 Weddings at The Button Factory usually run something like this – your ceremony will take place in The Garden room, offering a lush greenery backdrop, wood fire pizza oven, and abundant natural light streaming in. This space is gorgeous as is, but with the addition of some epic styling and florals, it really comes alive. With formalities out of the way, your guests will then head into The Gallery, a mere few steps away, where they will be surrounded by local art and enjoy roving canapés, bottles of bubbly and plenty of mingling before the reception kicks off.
* * *
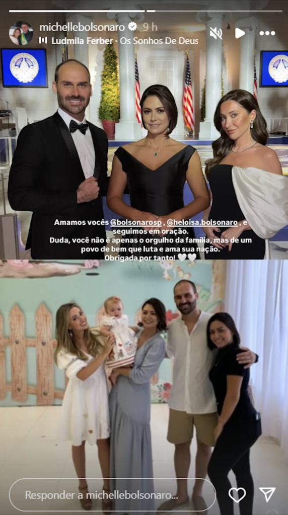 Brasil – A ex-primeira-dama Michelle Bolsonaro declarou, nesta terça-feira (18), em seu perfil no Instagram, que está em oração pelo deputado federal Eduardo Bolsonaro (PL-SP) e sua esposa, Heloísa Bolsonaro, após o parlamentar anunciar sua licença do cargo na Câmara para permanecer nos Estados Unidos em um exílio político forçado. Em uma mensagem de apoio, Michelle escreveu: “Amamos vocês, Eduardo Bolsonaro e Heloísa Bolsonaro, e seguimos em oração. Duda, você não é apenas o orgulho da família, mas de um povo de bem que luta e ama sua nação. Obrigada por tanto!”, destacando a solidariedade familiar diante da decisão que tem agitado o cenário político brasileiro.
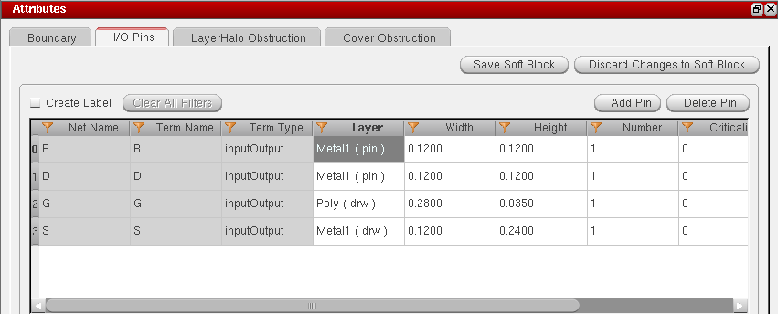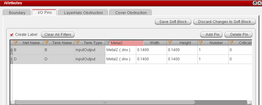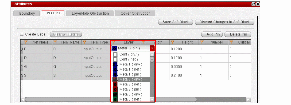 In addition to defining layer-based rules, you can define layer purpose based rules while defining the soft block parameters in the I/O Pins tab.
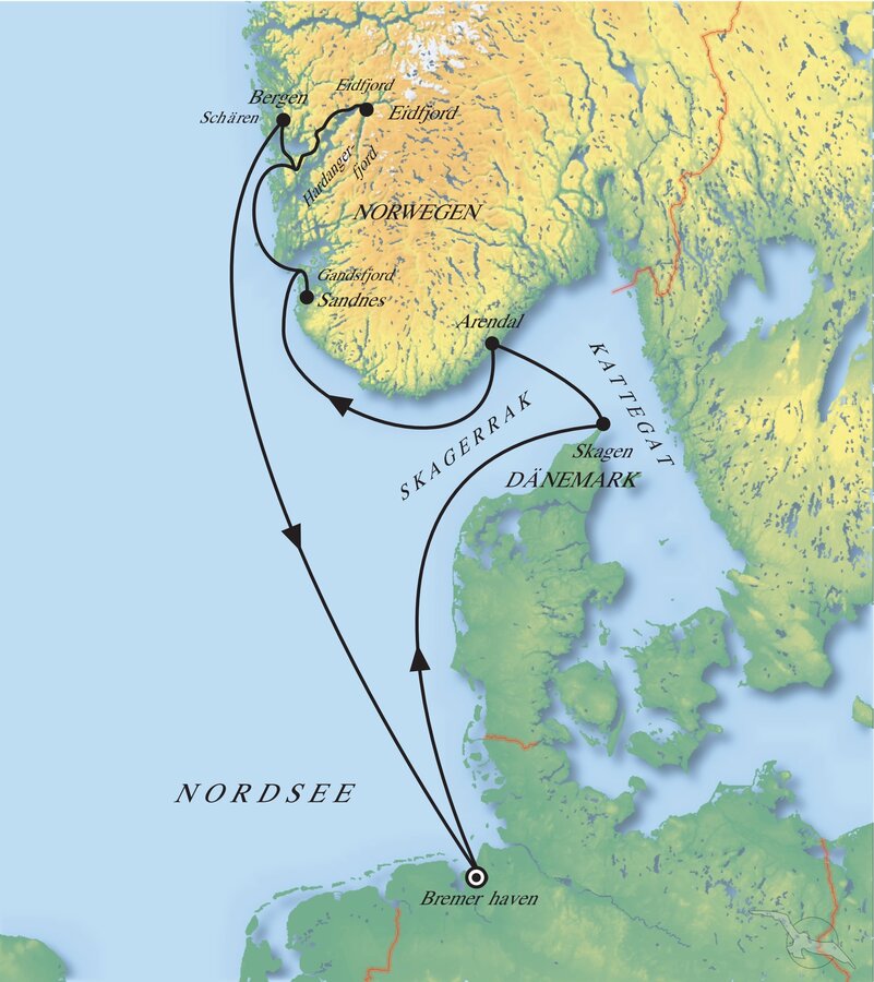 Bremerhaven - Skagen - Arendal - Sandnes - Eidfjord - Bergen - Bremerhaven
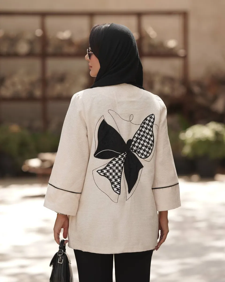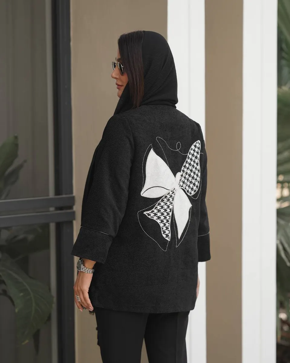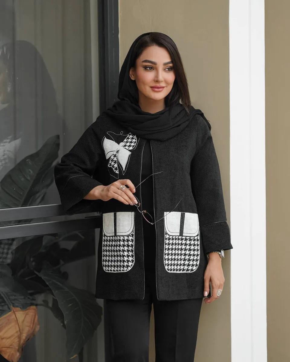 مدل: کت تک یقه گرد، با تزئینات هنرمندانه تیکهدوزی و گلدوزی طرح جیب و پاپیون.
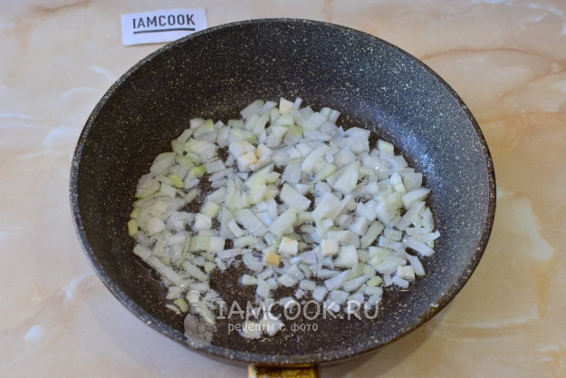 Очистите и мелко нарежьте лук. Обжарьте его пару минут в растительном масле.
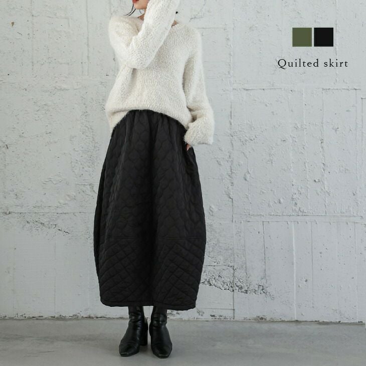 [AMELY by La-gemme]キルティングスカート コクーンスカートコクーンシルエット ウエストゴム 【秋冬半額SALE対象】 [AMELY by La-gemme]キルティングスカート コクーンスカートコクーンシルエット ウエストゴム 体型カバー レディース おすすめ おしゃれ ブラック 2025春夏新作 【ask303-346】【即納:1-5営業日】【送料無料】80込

- [Problem description]: The material above holds pictures; leave them out and set down exactly the lines from the line with "Bremerhaven - Skagen" to the line with "Очистите и мелко", both included.

- [Response to the task]:
 Bremerhaven - Skagen - Arendal - Sandnes - Eidfjord - Bergen - Bremerhaven
 مدل: کت تک یقه گرد، با تزئینات هنرمندانه تیکهدوزی و گلدوزی طرح جیب و پاپیون.
 Очистите и мелко нарежьте лук. Обжарьте его пару минут в растительном масле.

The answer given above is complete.